1) Tout d’abord, plusieurs éléments montrent une prise en compte de la spécificité de l’apprenant :

- Pour se faire comprendre, l’enseignant mobilise une multitude de modes et de langues : parfois un concept est illustré par un dessin au tableau ou un geste ; une expression est traduite dans l’une des langues connues par l’enseignant. Il se peut qu’un apprenant plus

« avancé » soit appelé à traduire pour l’un de ses compatriotes en difficulté.

- Les interventions multiples de type « ça va ? », « vous comprenez ça ? », parfois adressées à l’une ou l’autre personne spécifiquement montrent que l’enseignant est à l’écoute des rythmes de chacun.

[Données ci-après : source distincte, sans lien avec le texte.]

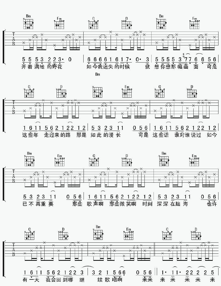 当前位置:琴谱网>吉他弹唱>童年画面

Cet effort de la part de l’enseignant pour parvenir à une construction partagée de la connaissance, ainsi que la mobilisation des apprenants comme ressource, peut être perçu comme une reconnaissance de la différence. Ce qui est un élément important dans le développement d’une image de soi positive (Cesari Lusso, 2001)

2) D’autres indicateurs révèlent la construction d’un espace sécure, permettant l’apprentissage par essais-erreurs :

- L’entraide est encouragée par l’enseignant. En règle générale, il permet un brouhaha de fond lorsqu’il s’agit de traductions ou d’explications entre apprenants.

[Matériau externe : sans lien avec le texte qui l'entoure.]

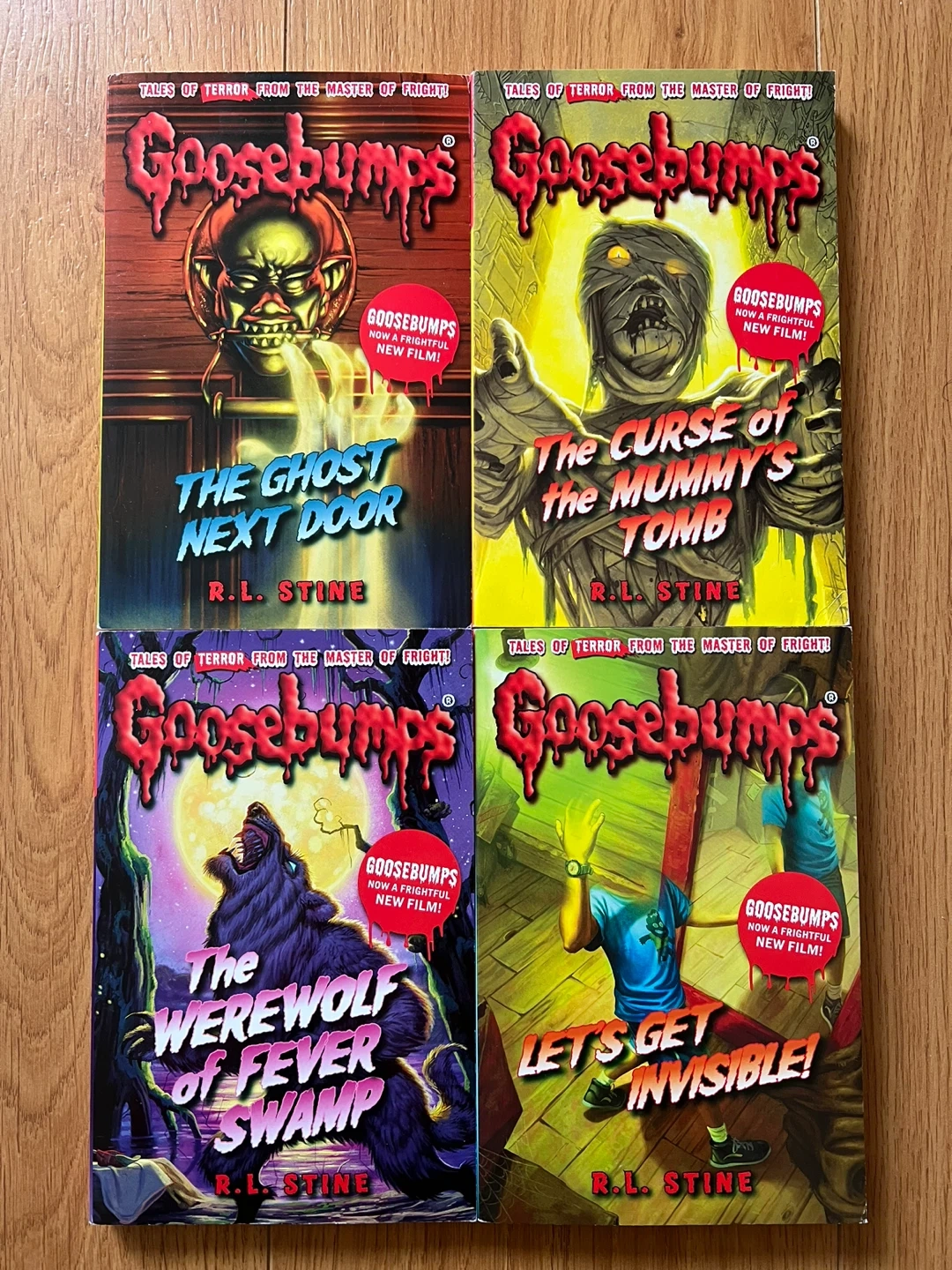 Selling a set of four Goosebumps books by R.L. Stine! $5 each or $15 for all of them. Titles include: The Ghost Next Door, The Curse of the Mummy's Tomb, The Werewolf of Fever Swamp, and Let's Get Invisible! Pickup in Richmond.

Parfois, lorsqu’une personne est en difficulté, l’enseignant peut même demander à un autre apprenant d’intervenir, soit pour donner la réponse, soit pour effectuer une traduction.

- Les apprenants interviennent régulièrement pour poser des questions ou dire qu’ils n’ont pas compris, attitude que les enseignants encouragent explicitement par des

« vous dites si vous n’avez pas compris », « ça va, vous comprenez ? ». Lors des exercices oraux, tous les apprenants s’essaient à l’exercice demandé par l’enseignante, parfois ils se proposent spontanément

pour donner la réponse, parfois ils prononcent en chœur les réponses.

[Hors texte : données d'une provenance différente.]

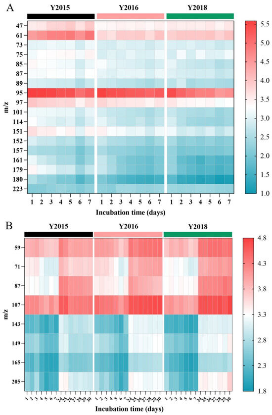 Heat-maps (log10 scales) indicating VOCs intensity from low (blue) to high (red) for different storage timepoints. (A) Heat-map for the first week (1~7 days) under simulated storage (25 °C and 60% RH). (B) Heat-map for the first week (1~7 days) and the fourth week (24~30 days) under accelerated spoilage (35 °C and 90% RH).

- Les enseignants ne semblent pas accorder beaucoup de poids aux erreurs. Souvent ils donnent des indices pour que l’apprenant trouve la bonne réponse ou s’il s’agit d’une erreur de prononciation, l’enseignant répète ce qui est dit par l’apprenant avec la bonne prononciation. Au contraire, la présence d’un grand nombre d’encouragements de la part des trois enseignants révèle une orientation vers la réussite. Les cours sont ponctués de « c’est bien », « bravo »,

« excellent ». Ceci peut contribuer à l’émergence d’un sentiment de compétence de la part de l’apprenant et augmenter son estime de soi. Comme le dit Cesari Lusso (2001), il est important que le migrant puisse se confronter à des situations de réussite dans des contextes institutionnels relevant de la société d’accueil (l’auteur parle d’école, ici nous transposons cela aux cours du COSM), afin qu’il puisse s’y sentir bien. Le fait de recevoir cette validation de l’usage de la langue d’accueil de la part de l’enseignant peut constituer un encouragement de cette réussite.

11.5 Conclusion

En conclusion, les différents éléments évoqués dans ce chapitre soutiennent l’hypothèse d’une « médiation » effectuée par les cours, entre la personne et la représentation qu’elle a de sa situation de migrant. Ceci en lui permettant d’acquérir des outils pour mieux comprendre son vécu, en lui offrant un cadre

« sécurisant » où penser sa situation, poser des questions, s’éloigner des éléments qui font rupture, mais aussi en fréquentant une institution suisse qui valorise leur vécu et valide l’usage de certains éléments en tant que ressource.

Par la mise à disposition d’éléments physiques (par ex.

brochures), symboliques (par ex. instauration d’une relation de

confiance), par les relations tissées avec les autres apprenants ou avec les enseignants, les personnes migrantes sont amenées à concevoir différemment leur vécu. Nous pouvons donc voir comment une activité d’apprentissage dans un contexte institutionnel particulier va permettre une prise de distance à plusieurs niveaux et aura ainsi un impact sur le plan affectif (élaboration des émotions), identitaire (remaniement de l’image de soi), en passant par la construction de sens.